Multimodal Model Developer

6 days ago

Vapi, Gujarat, India beBeeResearch Full time ₹ 12,00,000 - ₹ 16,00,000

Research and Development Position

We are seeking a highly skilled Research Engineer to build advanced models that bridge perception and language understanding for autonomous systems across multiple platforms.

Main Responsibilities:

Develop multimodal models using deep learning techniques for instruction following, scene grounding, and tool use.
Pretrain and fine-tune vision-language models (VLMs) aligning them with robotics data including video, teleoperation, and language inputs.
Build perception-to-language grounding for referring expressions, affordances, and task graphs in robotics applications.
Create evaluation pipelines for instruction following, safety filters, and hallucination control.
Collaborate with cross-functional teams for integration of models into robotics platforms.

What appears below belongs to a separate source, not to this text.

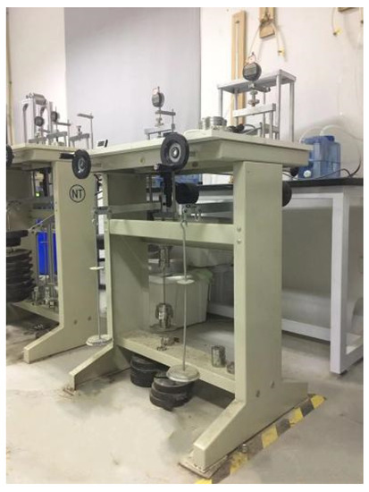 In this study, 48 groups of one-dimensional consolidation/permeability tests were established to clarify the effects of granular gradation and lime dosage on the compressibility and permeability of lime-stabilized slurry with high water content, as shown in Table 2 below. The soil sample had a diameter of 61.8 mm (area of 30 cm2) and a height of 40 mm. Due to the extremely high initial water content of the test soil samples, if a conventional one-dimensional consolidation instrument with an initial loading stress of 12.5 kPa had been used, the loading would easily have led to the destruction of the soil sample and affected the test accuracy. Therefore, an ultra-low stress consolidation/permeability tester with a minimum consolidation pressure of 1 kPa was used for this test, as shown in Figure 1 below [23]. The test loading sequence was as follows: 1 kPa, 2 kPa, 3 kPa, 5 kPa, 7 kPa, 9 kPa, 12.5 kPa, 25 kPa, 50 kPa, 100 kPa, 200 kPa, 400 kPa, 800 kPa, and 1600 kPa. After the completion of each loading level and stabilization for over 24 h, the specimens were considered stable once they were settling by no more than 0.01 mm per hour, and the settlement of the soil sample was measured.

Required Skills and Qualifications:

Master's or Ph.D. in Computer Science, Robotics, or a related field.
1-2+ years of experience in Machine Learning and/or Computer Vision.
Strong proficiency in PyTorch or JAX; experience with Large Language Models (LLMs) and VLMs.
Familiarity with multimodal datasets, distributed training, and Reinforcement Learning/Imitation Learning.

Nice-to-Haves:

Experience with world models, diffusion-policy integration, and speech interfaces in robotics.
Familiarity with sim-to-real transfer in robotics applications.
Success on language-based tasks such as natural language processing and machine translation.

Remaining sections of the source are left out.